The temple
Sri Kalahasti Temple at Srikalahasti, Andhra Pradesh is the Air (Vayu) shrine of the Pancha Bhoota Sthalams — the five elemental Shiva temples of southern India. Vayu (Wind). The lamp at the sanctum flickers continuously without a draft.
Where it stands
| Field | Value |
|---|---|
| Place | Srikalahasti |
| State / region | Andhra Pradesh |
| Country | India |
| Coordinates | 13.7494° N, 79.7050° E |
Andhra Pradesh’s Shaiva tradition is anchored by Srisailam (one of the twelve Jyotirlingas) and the Pancharama Kshetras — five temples on the Andhra-Telangana coast traditionally circuited together by Telugu Shaivas.
Darshan rhythm
| Window | Time |
|---|---|
| Daily darshan | 06:00 – 21:00 |
| Pradosham aarti | 18:00 |
| Maha Shivaratri | Brahmotsavam — 13-day festival around the night. |
These windows are sourced from the temple’s published schedule and cross-checked against pilgrimage and devotee accounts. They are subject to change on festival days, on day-of-week observances local to the temple, and during extraordinary events. For any planned visit, confirm at the temple gate or via the temple’s listed contact — the registry is the starting point, not the substitute.
When to visit
- Maha Shivaratri — the temple’s most attended night of the year. Expect long darshan queues, an extended abhishekam schedule, and a vigil through the four prahar.
- Pradosham (thirteenth lunar day) — the twilight aarti at 18:00 is the optimal everyday window for Shiva-darshan when crowds are normal.
In the Pancha Bhoota circuit
Sri Kalahasti Temple is the Air-element shrine of the Pancha Bhoota Sthalams — five temples in southern India where the linga is held to embody one of the five elements directly. The five together constitute a compact Shaiva pilgrimage that can be completed in seven to ten days for a focused circuit, mostly across Tamil Nadu with one shrine in Andhra Pradesh.
The Vedasara Shiva Stotram of Adi Shankara is the canonical hymn whose theological frame underwrites the Pancha Bhoota observance — Shiva as the Lord of all bound beings, manifest equally in earth, water, fire, air, and space.

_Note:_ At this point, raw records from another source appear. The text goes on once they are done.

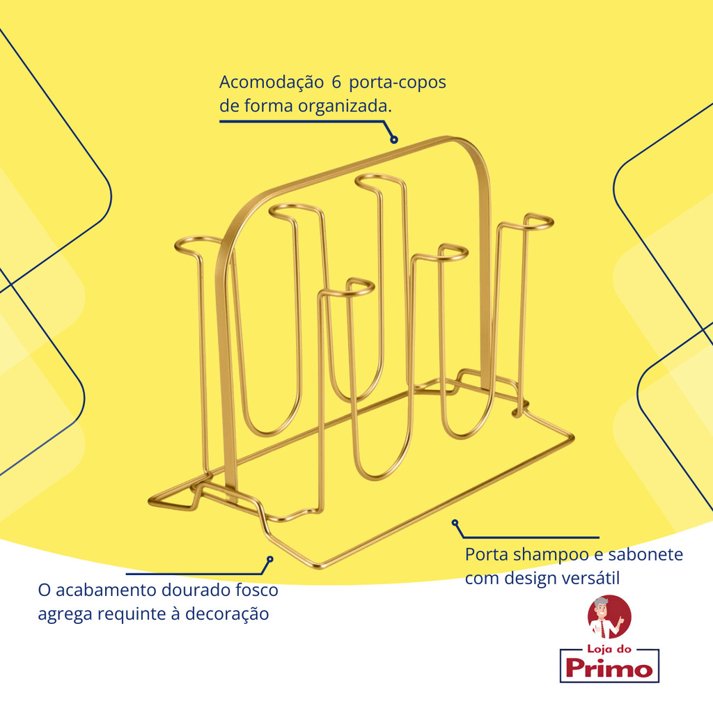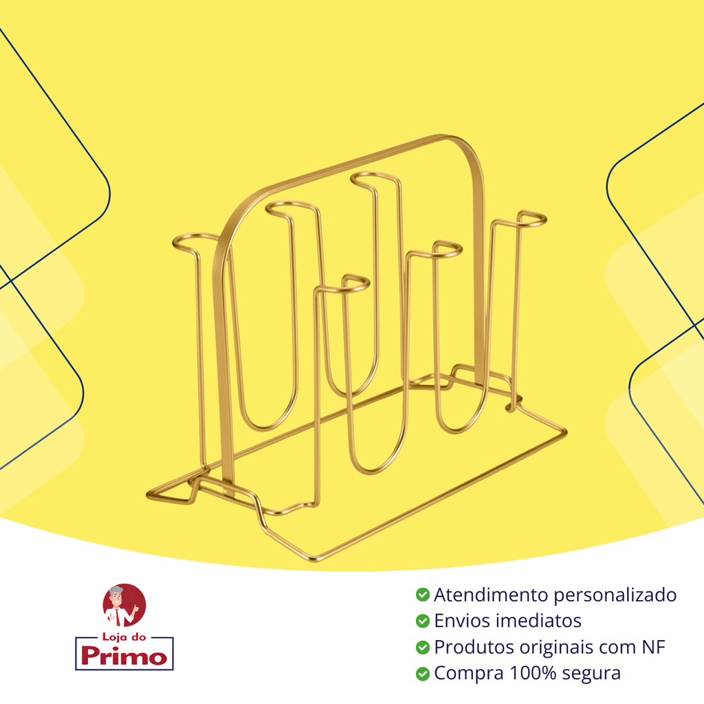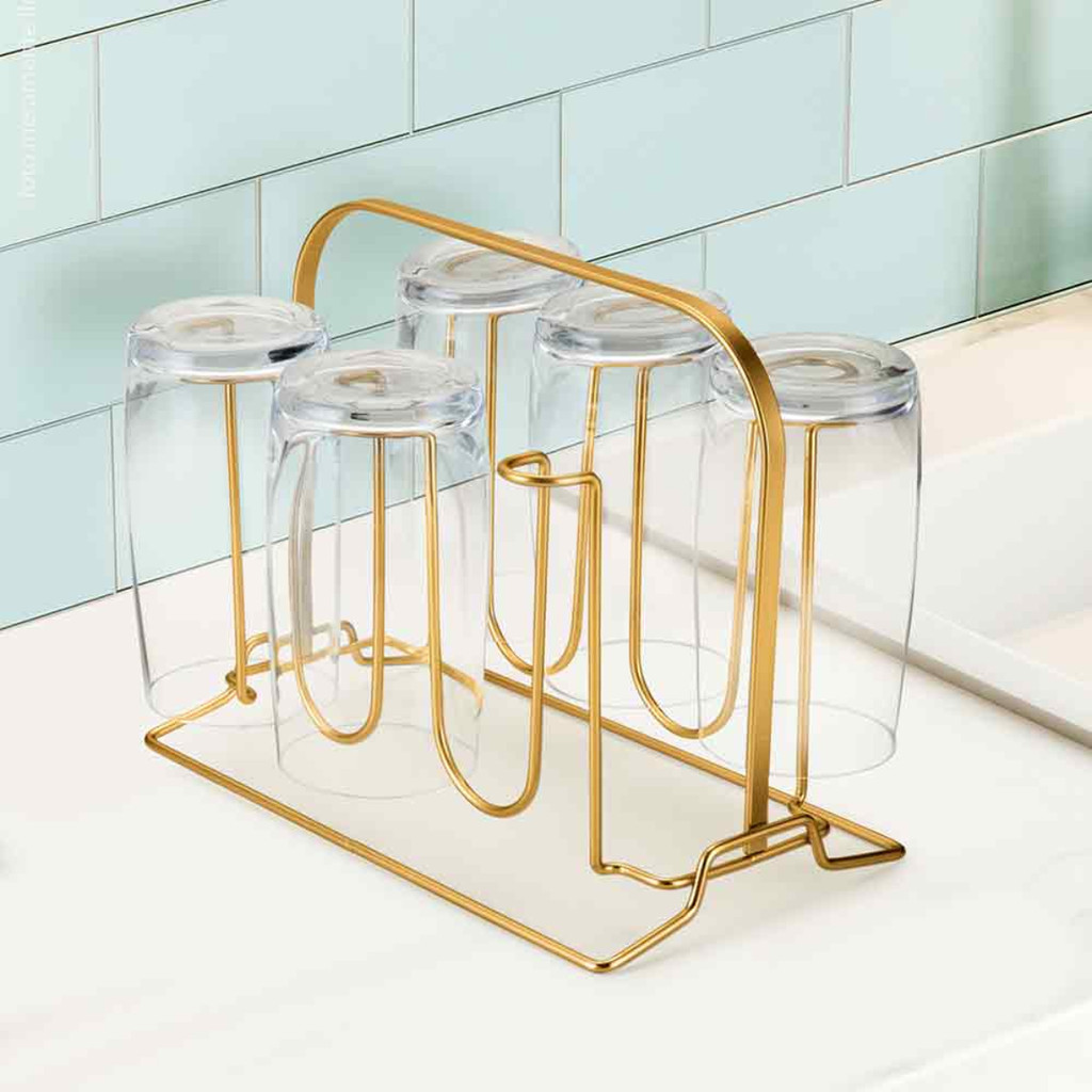 Porta Copos Suporte Para 6 Unidades Cozinha Mesa Cor Dourado Fosco Arthi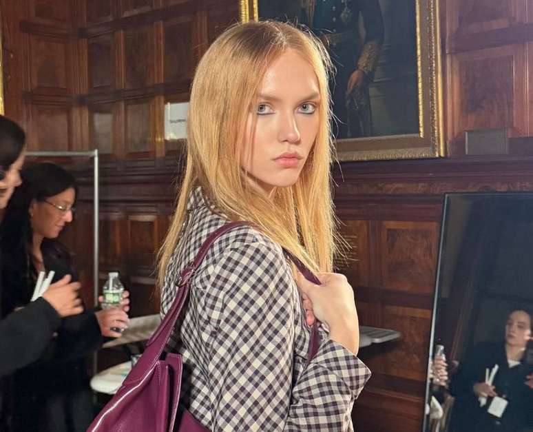 Gabriela Nied, de 21 anos, que é natural de Lajeado (RS), desfilou com look xadrez, composto por jaqueta fechada e saia de cintura baixa, contrapondo com bota preta de cano alto.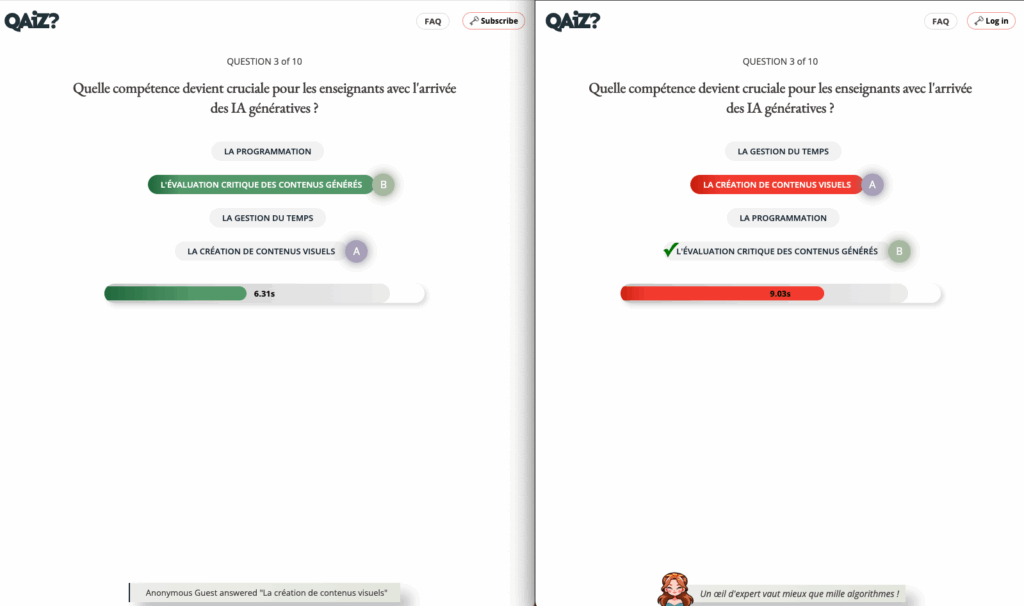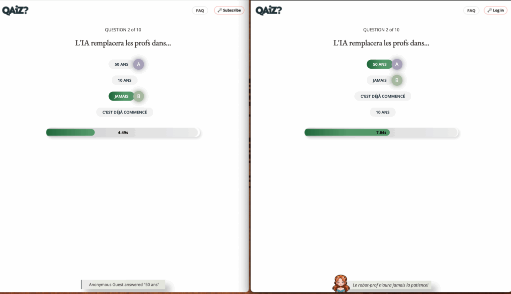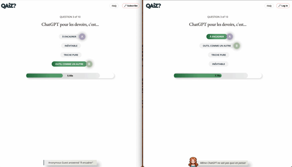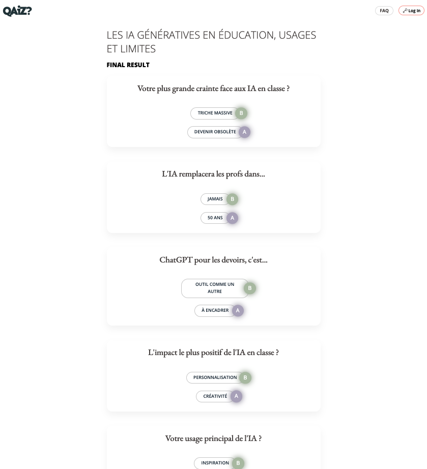 Qaiz (https://qaiz.app/) génère des quiz en ligne à partir d’une instruction, à choix multiples ou « d’opinion ».

What we verify, what we don’t
Verified. Coordinates and identity are cross-checked against Google Maps, OpenStreetMap, and (where available) the temple’s official site. Tradition classification (Jyotirlinga, Pancha Bhoota, Panch Kedar) follows the canonical lists preserved in Adi Shankara’s stotras and parallel Puranic sources.
Not verified. Daily timings and festival schedules can shift — temples adjust hours for renovation, security advisories, regional civic holidays, and astronomical recalculation of festival dates. The timings listed here are the most recently sourced; they are starting points, not guarantees. For any planned visit, confirm at the temple gate or via the temple’s published contact channels.
Not promised. Dress codes, photography rules, gender-of-access norms, and Brahmin-priest officiation policies vary by region and by individual temple. The norms of one regional Shaiva tradition do not automatically apply to another. When in doubt, observe the practice of long-standing local devotees on site.